● About this task: The copy must hold every line from the one with "1月6日,在合肥南站候车大厅,工作人员将腊八粥送给旅客。" through the end of the listing, word for word, and must hold no pictures.

● Collected material:
↓
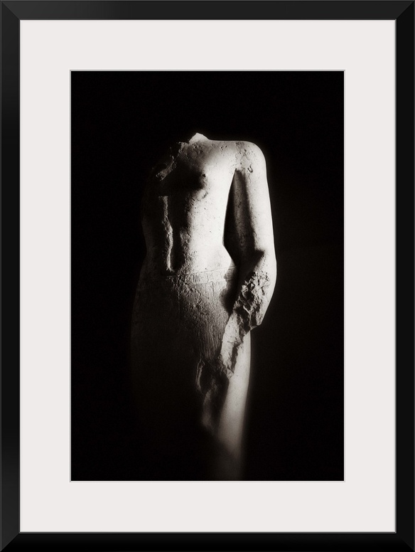 <p>A black and white creative photograph of a ruined statue of an unknown person. Karnak Temple, Egypt.</p>
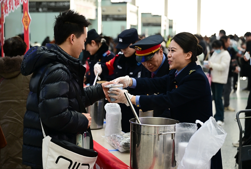 1月6日,在合肥南站候车大厅,工作人员将腊八粥送给旅客。
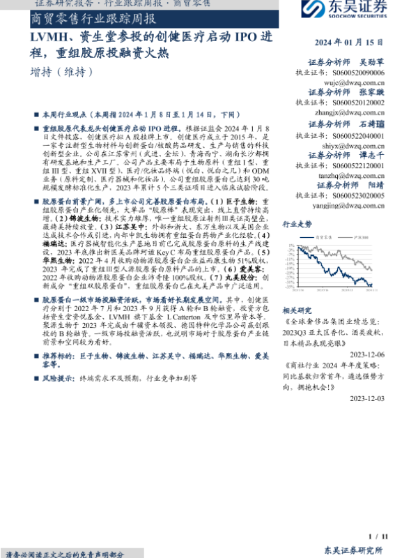 【东吴证券】【20240115】商贸零售行业跟踪周报:LVMH、资生堂参投的创健医疗启动IPO进程,重组胶原投融资火热-11页
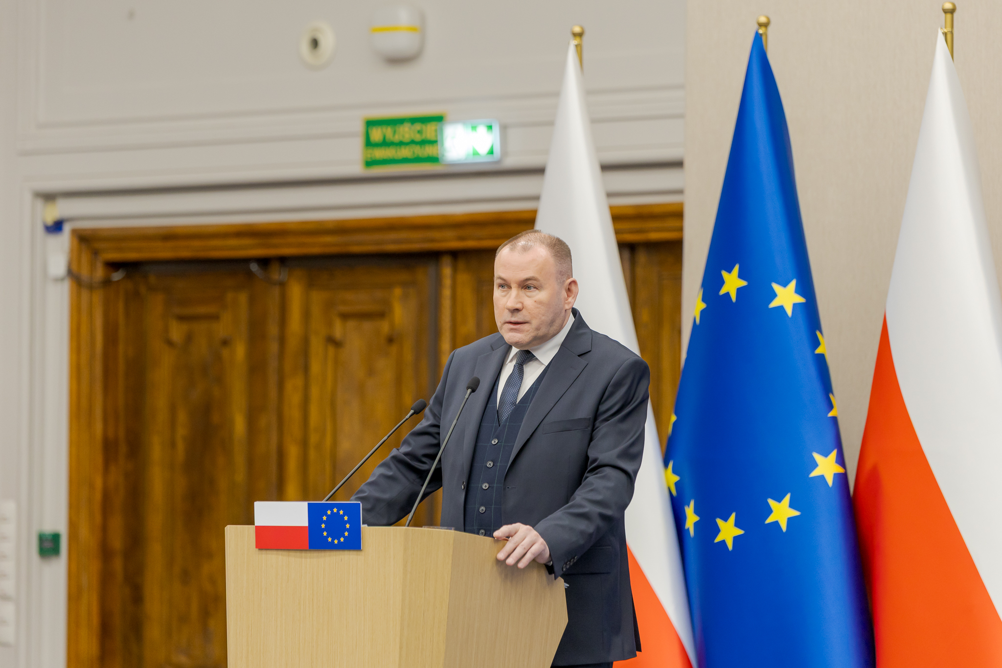 Zbigniew Stawicki zastępca szefa KAS przy mównicy z flagami Polski i Unii Europejskiej wygłasza przemówienie
↑
● Result of this exercise:
 1月6日,在合肥南站候车大厅,工作人员将腊八粥送给旅客。
 【东吴证券】【20240115】商贸零售行业跟踪周报:LVMH、资生堂参投的创健医疗启动IPO进程,重组胶原投融资火热-11页
 Zbigniew Stawicki zastępca szefa KAS przy mównicy z flagami Polski i Unii Europejskiej wygłasza przemówienie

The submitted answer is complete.